▶ What the task asks:
The entries are to be written out word for word, with their images left out.

▶ Data supplied:

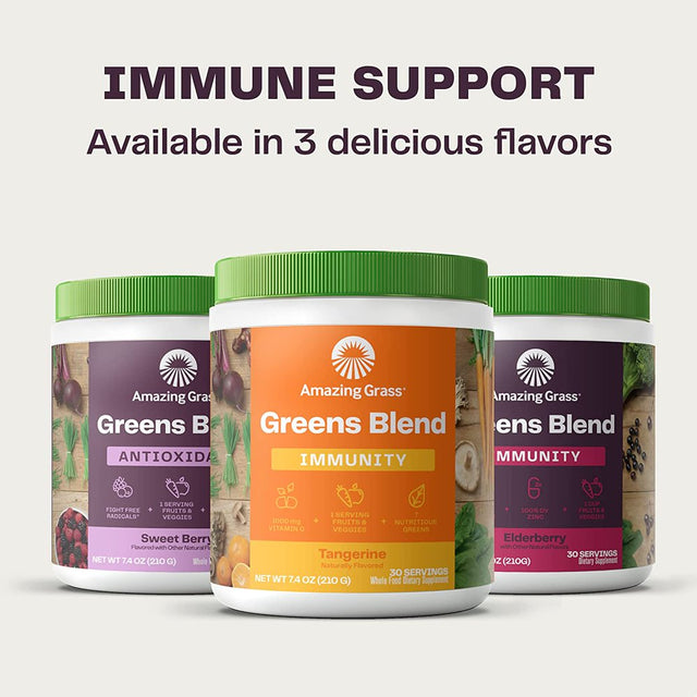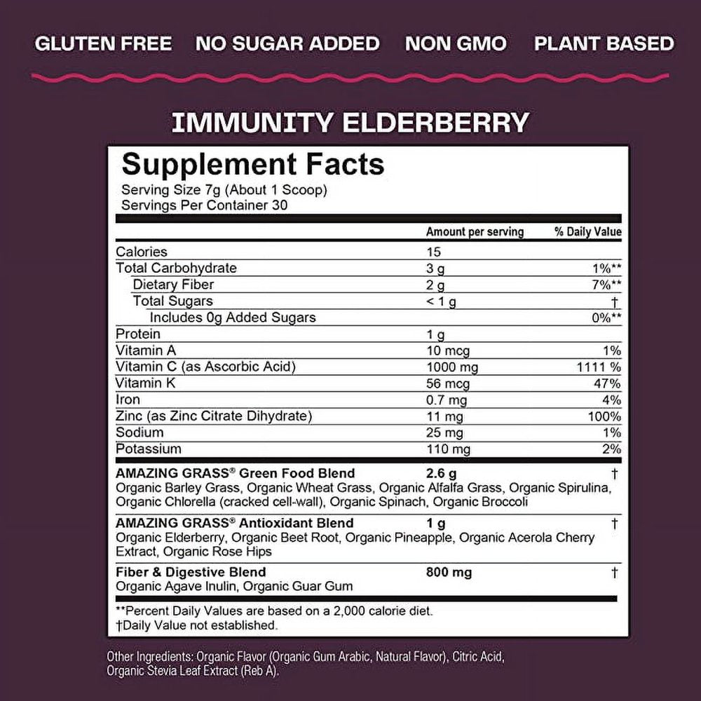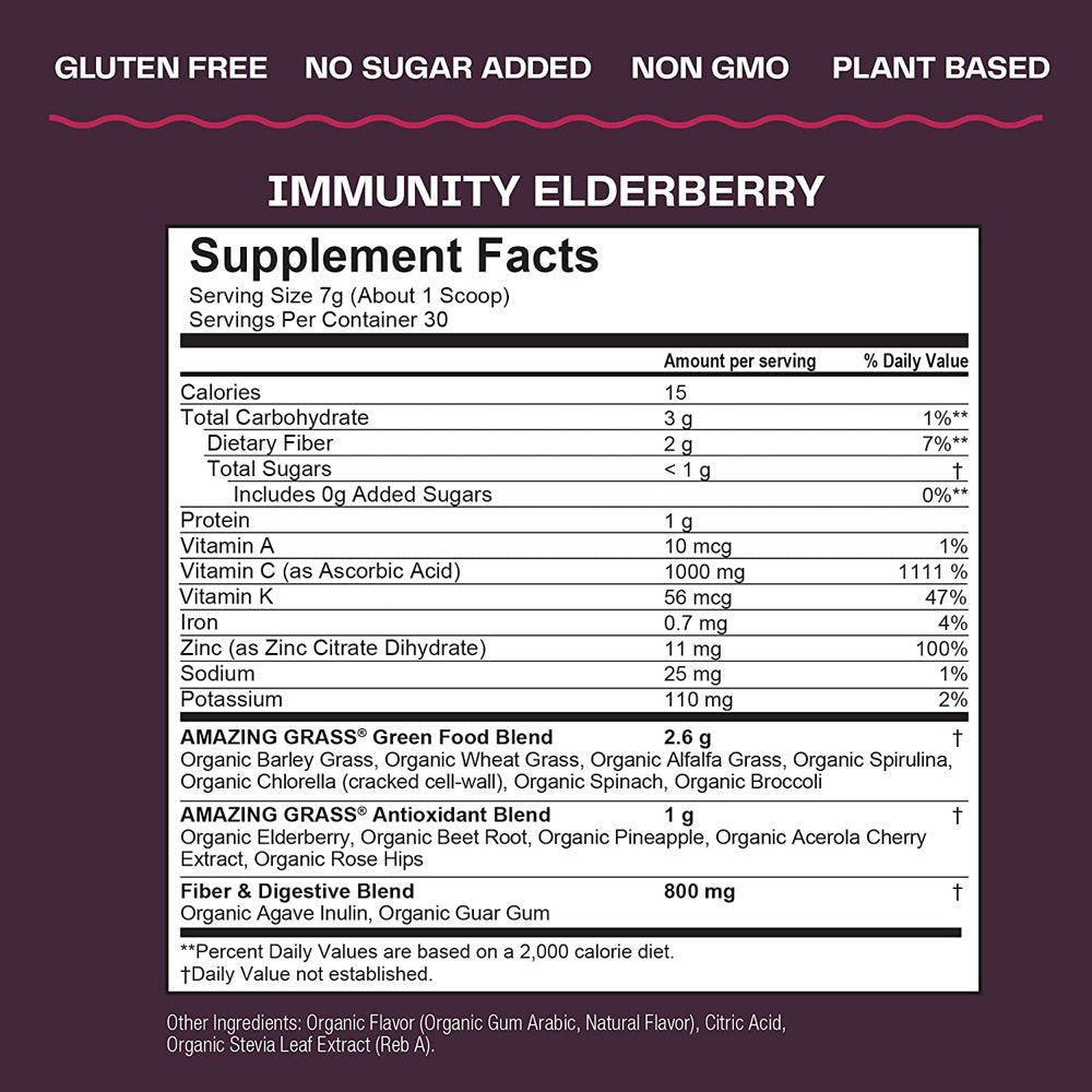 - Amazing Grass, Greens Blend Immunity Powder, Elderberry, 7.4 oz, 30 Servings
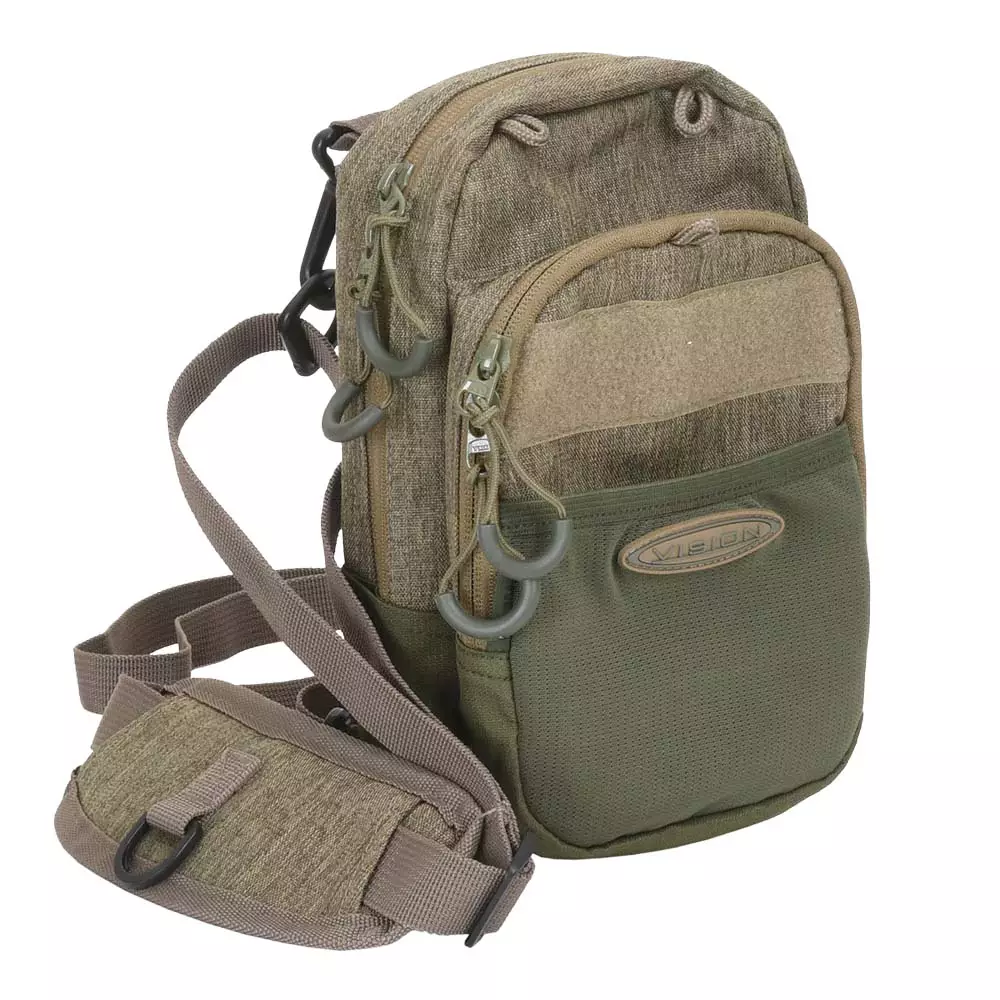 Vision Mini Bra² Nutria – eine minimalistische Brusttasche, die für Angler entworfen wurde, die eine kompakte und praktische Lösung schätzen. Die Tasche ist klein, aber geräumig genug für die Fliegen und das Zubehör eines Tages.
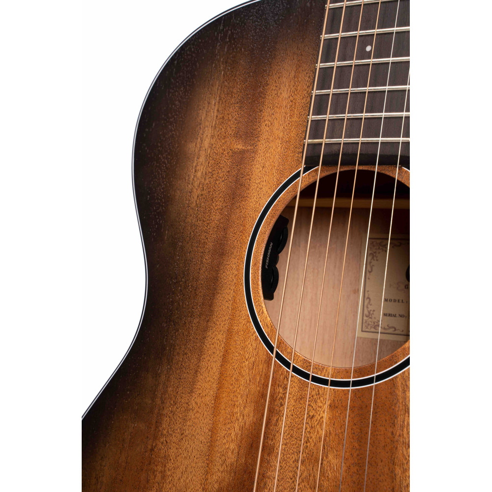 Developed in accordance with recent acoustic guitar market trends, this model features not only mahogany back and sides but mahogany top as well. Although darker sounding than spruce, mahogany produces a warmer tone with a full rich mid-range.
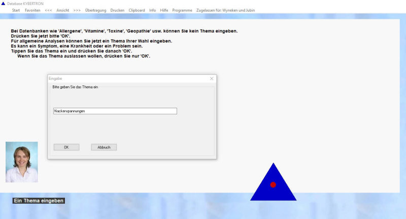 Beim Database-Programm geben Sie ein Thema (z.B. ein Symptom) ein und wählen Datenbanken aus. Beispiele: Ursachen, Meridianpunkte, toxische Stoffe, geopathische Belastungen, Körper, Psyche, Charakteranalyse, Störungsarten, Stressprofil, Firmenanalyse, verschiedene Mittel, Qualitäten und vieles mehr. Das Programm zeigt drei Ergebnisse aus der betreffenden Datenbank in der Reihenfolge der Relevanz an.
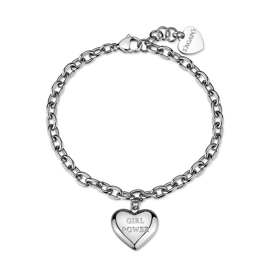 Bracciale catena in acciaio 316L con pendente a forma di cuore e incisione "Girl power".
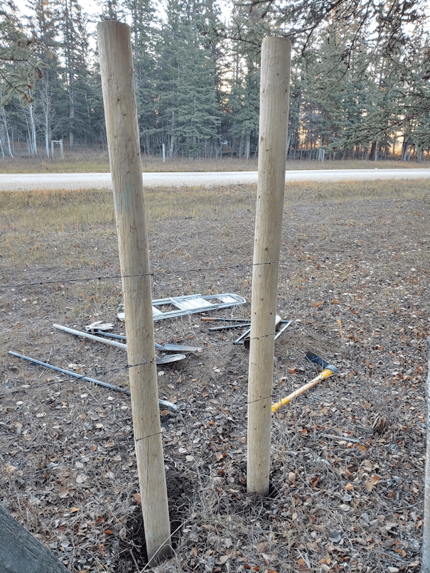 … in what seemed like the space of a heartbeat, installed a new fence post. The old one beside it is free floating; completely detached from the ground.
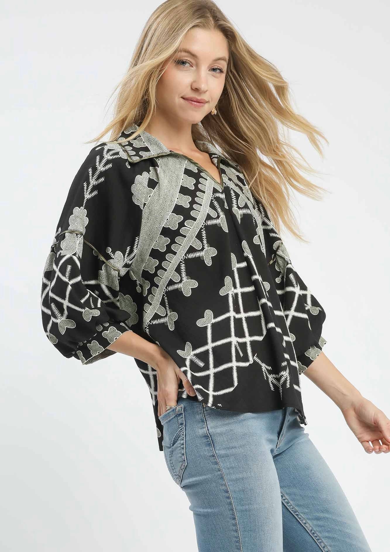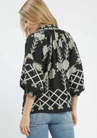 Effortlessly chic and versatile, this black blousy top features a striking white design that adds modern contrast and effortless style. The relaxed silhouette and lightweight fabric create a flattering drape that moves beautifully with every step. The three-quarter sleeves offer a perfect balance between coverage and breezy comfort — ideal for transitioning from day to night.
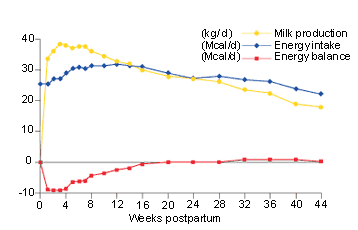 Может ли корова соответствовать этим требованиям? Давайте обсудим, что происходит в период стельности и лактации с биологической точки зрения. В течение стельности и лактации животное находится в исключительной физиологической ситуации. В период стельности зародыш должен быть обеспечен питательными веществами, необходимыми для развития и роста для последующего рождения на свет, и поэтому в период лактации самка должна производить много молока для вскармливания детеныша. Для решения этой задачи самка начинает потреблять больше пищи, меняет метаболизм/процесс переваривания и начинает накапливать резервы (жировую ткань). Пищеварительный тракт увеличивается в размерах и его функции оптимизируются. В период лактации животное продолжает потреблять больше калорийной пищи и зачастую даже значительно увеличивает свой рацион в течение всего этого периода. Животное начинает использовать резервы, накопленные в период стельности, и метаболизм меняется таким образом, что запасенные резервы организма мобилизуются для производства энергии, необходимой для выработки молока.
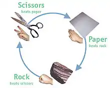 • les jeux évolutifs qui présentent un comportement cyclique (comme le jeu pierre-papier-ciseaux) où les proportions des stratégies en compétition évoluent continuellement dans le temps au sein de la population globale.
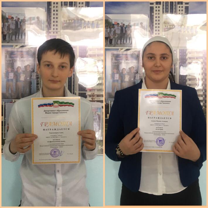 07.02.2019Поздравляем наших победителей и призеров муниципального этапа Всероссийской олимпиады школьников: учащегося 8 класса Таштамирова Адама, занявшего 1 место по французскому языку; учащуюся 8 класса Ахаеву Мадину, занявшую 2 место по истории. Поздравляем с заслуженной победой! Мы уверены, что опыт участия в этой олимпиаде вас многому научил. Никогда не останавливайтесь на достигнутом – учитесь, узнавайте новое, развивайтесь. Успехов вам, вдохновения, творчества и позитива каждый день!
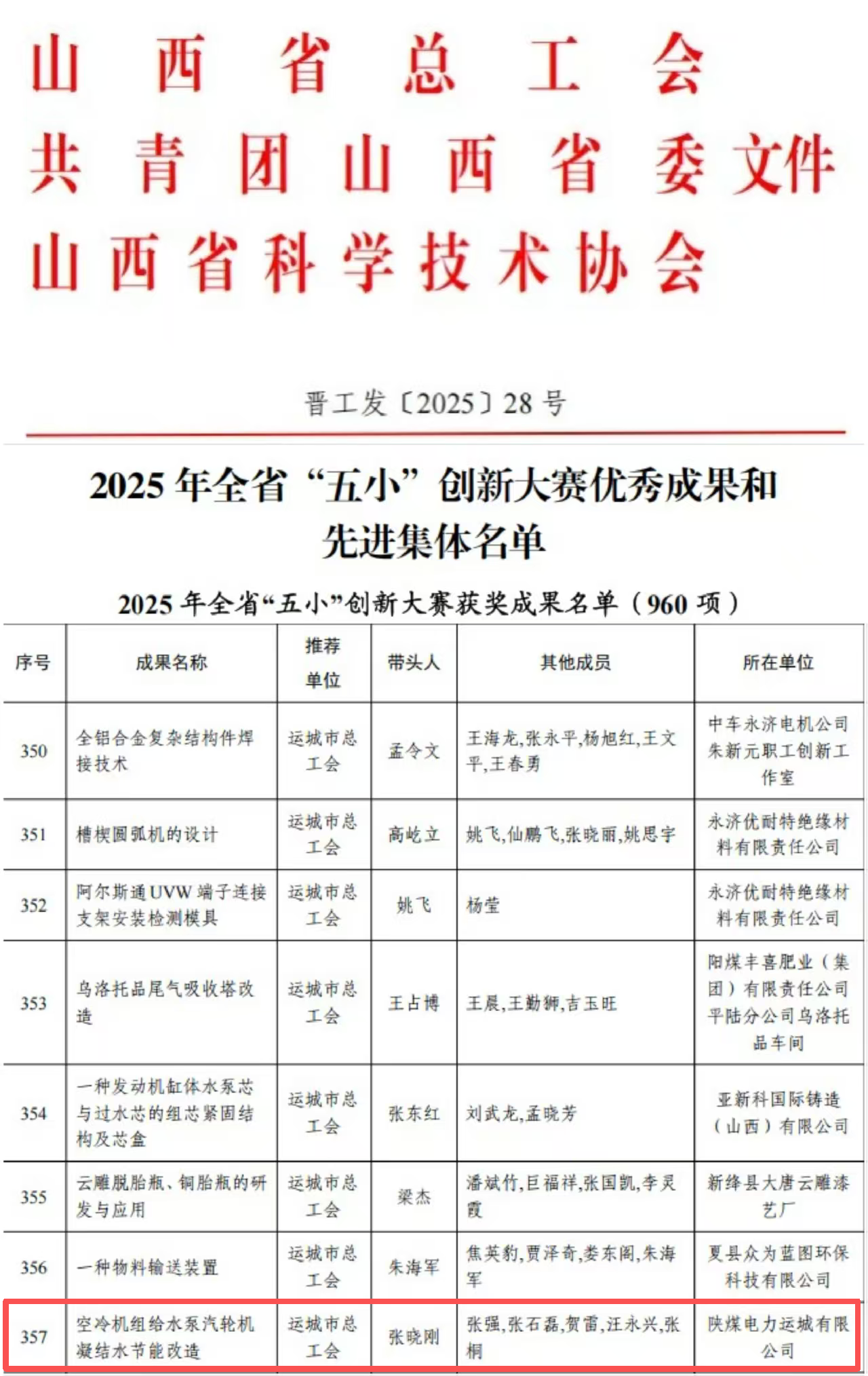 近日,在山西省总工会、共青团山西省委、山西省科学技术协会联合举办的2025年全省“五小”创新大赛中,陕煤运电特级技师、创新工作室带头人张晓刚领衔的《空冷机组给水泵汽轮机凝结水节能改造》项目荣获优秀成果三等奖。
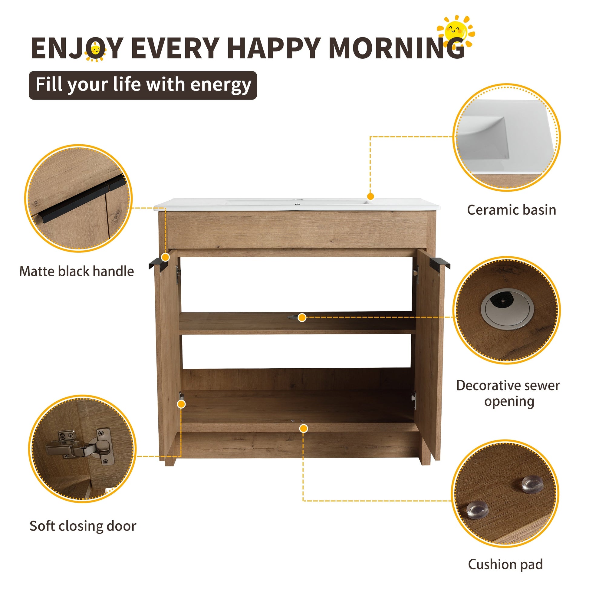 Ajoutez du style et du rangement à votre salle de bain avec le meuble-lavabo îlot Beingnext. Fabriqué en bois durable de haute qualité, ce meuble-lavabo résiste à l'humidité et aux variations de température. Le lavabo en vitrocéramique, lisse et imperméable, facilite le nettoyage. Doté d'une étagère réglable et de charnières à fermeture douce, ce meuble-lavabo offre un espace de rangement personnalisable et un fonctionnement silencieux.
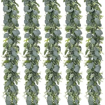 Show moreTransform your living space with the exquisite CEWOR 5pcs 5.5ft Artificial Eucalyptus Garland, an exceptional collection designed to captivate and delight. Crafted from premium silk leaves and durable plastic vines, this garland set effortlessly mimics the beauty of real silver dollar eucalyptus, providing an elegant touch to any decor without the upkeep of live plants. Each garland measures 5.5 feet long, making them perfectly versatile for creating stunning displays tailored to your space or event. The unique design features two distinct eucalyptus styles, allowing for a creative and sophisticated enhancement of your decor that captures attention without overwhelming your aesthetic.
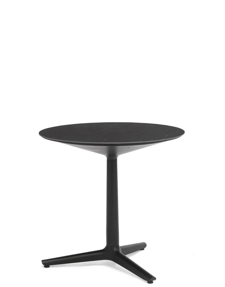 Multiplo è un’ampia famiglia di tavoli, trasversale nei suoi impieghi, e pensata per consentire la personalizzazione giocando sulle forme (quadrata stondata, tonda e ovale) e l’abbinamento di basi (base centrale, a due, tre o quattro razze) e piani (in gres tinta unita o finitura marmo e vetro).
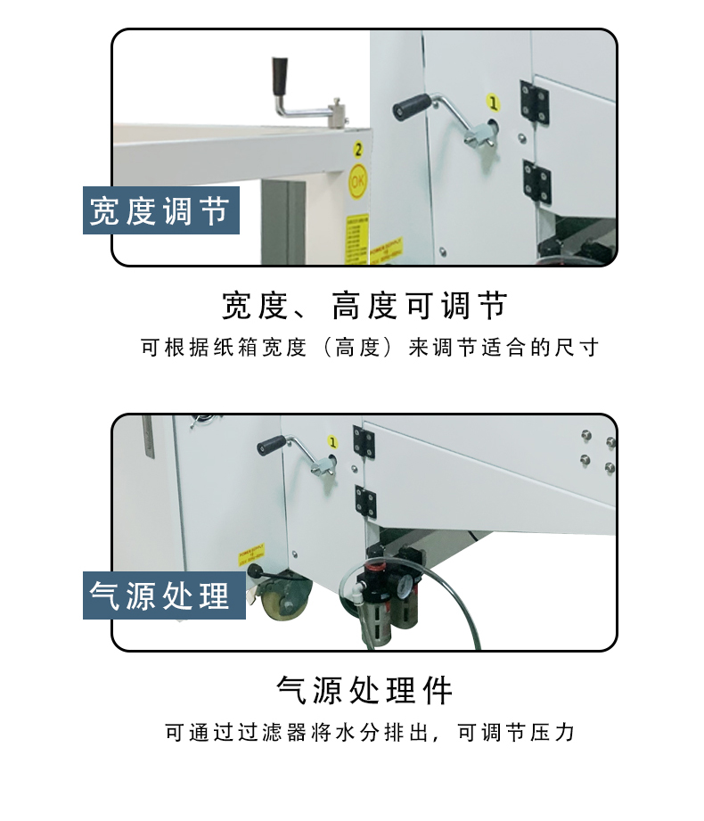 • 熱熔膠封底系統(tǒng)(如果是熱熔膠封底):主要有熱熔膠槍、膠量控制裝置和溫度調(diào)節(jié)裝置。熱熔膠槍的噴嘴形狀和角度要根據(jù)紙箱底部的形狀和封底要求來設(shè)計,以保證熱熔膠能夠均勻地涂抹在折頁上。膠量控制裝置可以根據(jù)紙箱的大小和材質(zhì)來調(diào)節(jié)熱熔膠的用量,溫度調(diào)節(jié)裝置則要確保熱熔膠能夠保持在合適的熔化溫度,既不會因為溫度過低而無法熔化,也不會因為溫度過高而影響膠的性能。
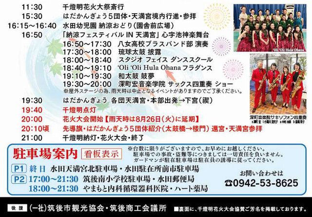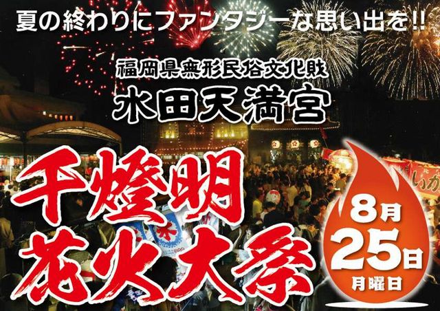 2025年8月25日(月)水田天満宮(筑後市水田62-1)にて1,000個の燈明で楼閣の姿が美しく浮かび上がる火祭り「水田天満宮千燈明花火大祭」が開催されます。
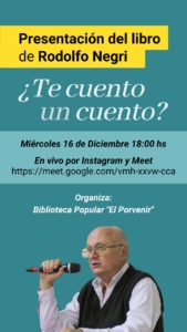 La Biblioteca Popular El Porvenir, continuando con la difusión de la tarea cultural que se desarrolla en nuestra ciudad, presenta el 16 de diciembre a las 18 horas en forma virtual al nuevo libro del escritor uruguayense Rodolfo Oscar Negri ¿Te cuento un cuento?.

▶ Exercise answer:
 - Amazing Grass, Greens Blend Immunity Powder, Elderberry, 7.4 oz, 30 Servings
 Vision Mini Bra² Nutria – eine minimalistische Brusttasche, die für Angler entworfen wurde, die eine kompakte und praktische Lösung schätzen. Die Tasche ist klein, aber geräumig genug für die Fliegen und das Zubehör eines Tages.
 Developed in accordance with recent acoustic guitar market trends, this model features not only mahogany back and sides but mahogany top as well. Although darker sounding than spruce, mahogany produces a warmer tone with a full rich mid-range.
 Beim Database-Programm geben Sie ein Thema (z.B. ein Symptom) ein und wählen Datenbanken aus. Beispiele: Ursachen, Meridianpunkte, toxische Stoffe, geopathische Belastungen, Körper, Psyche, Charakteranalyse, Störungsarten, Stressprofil, Firmenanalyse, verschiedene Mittel, Qualitäten und vieles mehr. Das Programm zeigt drei Ergebnisse aus der betreffenden Datenbank in der Reihenfolge der Relevanz an.
 Bracciale catena in acciaio 316L con pendente a forma di cuore e incisione "Girl power".
 … in what seemed like the space of a heartbeat, installed a new fence post. The old one beside it is free floating; completely detached from the ground.
 Effortlessly chic and versatile, this black blousy top features a striking white design that adds modern contrast and effortless style. The relaxed silhouette and lightweight fabric create a flattering drape that moves beautifully with every step. The three-quarter sleeves offer a perfect balance between coverage and breezy comfort — ideal for transitioning from day to night.
 Может ли корова соответствовать этим требованиям? Давайте обсудим, что происходит в период стельности и лактации с биологической точки зрения. В течение стельности и лактации животное находится в исключительной физиологической ситуации. В период стельности зародыш должен быть обеспечен питательными веществами, необходимыми для развития и роста для последующего рождения на свет, и поэтому в период лактации самка должна производить много молока для вскармливания детеныша. Для решения этой задачи самка начинает потреблять больше пищи, меняет метаболизм/процесс переваривания и начинает накапливать резервы (жировую ткань). Пищеварительный тракт увеличивается в размерах и его функции оптимизируются. В период лактации животное продолжает потреблять больше калорийной пищи и зачастую даже значительно увеличивает свой рацион в течение всего этого периода. Животное начинает использовать резервы, накопленные в период стельности, и метаболизм меняется таким образом, что запасенные резервы организма мобилизуются для производства энергии, необходимой для выработки молока.
 • les jeux évolutifs qui présentent un comportement cyclique (comme le jeu pierre-papier-ciseaux) où les proportions des stratégies en compétition évoluent continuellement dans le temps au sein de la population globale.
 07.02.2019Поздравляем наших победителей и призеров муниципального этапа Всероссийской олимпиады школьников: учащегося 8 класса Таштамирова Адама, занявшего 1 место по французскому языку; учащуюся 8 класса Ахаеву Мадину, занявшую 2 место по истории. Поздравляем с заслуженной победой! Мы уверены, что опыт участия в этой олимпиаде вас многому научил. Никогда не останавливайтесь на достигнутом – учитесь, узнавайте новое, развивайтесь. Успехов вам, вдохновения, творчества и позитива каждый день!
 近日,在山西省总工会、共青团山西省委、山西省科学技术协会联合举办的2025年全省“五小”创新大赛中,陕煤运电特级技师、创新工作室带头人张晓刚领衔的《空冷机组给水泵汽轮机凝结水节能改造》项目荣获优秀成果三等奖。
 Ajoutez du style et du rangement à votre salle de bain avec le meuble-lavabo îlot Beingnext. Fabriqué en bois durable de haute qualité, ce meuble-lavabo résiste à l'humidité et aux variations de température. Le lavabo en vitrocéramique, lisse et imperméable, facilite le nettoyage. Doté d'une étagère réglable et de charnières à fermeture douce, ce meuble-lavabo offre un espace de rangement personnalisable et un fonctionnement silencieux.
 Show moreTransform your living space with the exquisite CEWOR 5pcs 5.5ft Artificial Eucalyptus Garland, an exceptional collection designed to captivate and delight. Crafted from premium silk leaves and durable plastic vines, this garland set effortlessly mimics the beauty of real silver dollar eucalyptus, providing an elegant touch to any decor without the upkeep of live plants. Each garland measures 5.5 feet long, making them perfectly versatile for creating stunning displays tailored to your space or event. The unique design features two distinct eucalyptus styles, allowing for a creative and sophisticated enhancement of your decor that captures attention without overwhelming your aesthetic.
 Multiplo è un’ampia famiglia di tavoli, trasversale nei suoi impieghi, e pensata per consentire la personalizzazione giocando sulle forme (quadrata stondata, tonda e ovale) e l’abbinamento di basi (base centrale, a due, tre o quattro razze) e piani (in gres tinta unita o finitura marmo e vetro).
 • 熱熔膠封底系統(tǒng)(如果是熱熔膠封底):主要有熱熔膠槍、膠量控制裝置和溫度調(diào)節(jié)裝置。熱熔膠槍的噴嘴形狀和角度要根據(jù)紙箱底部的形狀和封底要求來設(shè)計,以保證熱熔膠能夠均勻地涂抹在折頁上。膠量控制裝置可以根據(jù)紙箱的大小和材質(zhì)來調(diào)節(jié)熱熔膠的用量,溫度調(diào)節(jié)裝置則要確保熱熔膠能夠保持在合適的熔化溫度,既不會因為溫度過低而無法熔化,也不會因為溫度過高而影響膠的性能。
 2025年8月25日(月)水田天満宮(筑後市水田62-1)にて1,000個の燈明で楼閣の姿が美しく浮かび上がる火祭り「水田天満宮千燈明花火大祭」が開催されます。
 La Biblioteca Popular El Porvenir, continuando con la difusión de la tarea cultural que se desarrolla en nuestra ciudad, presenta el 16 de diciembre a las 18 horas en forma virtual al nuevo libro del escritor uruguayense Rodolfo Oscar Negri ¿Te cuento un cuento?.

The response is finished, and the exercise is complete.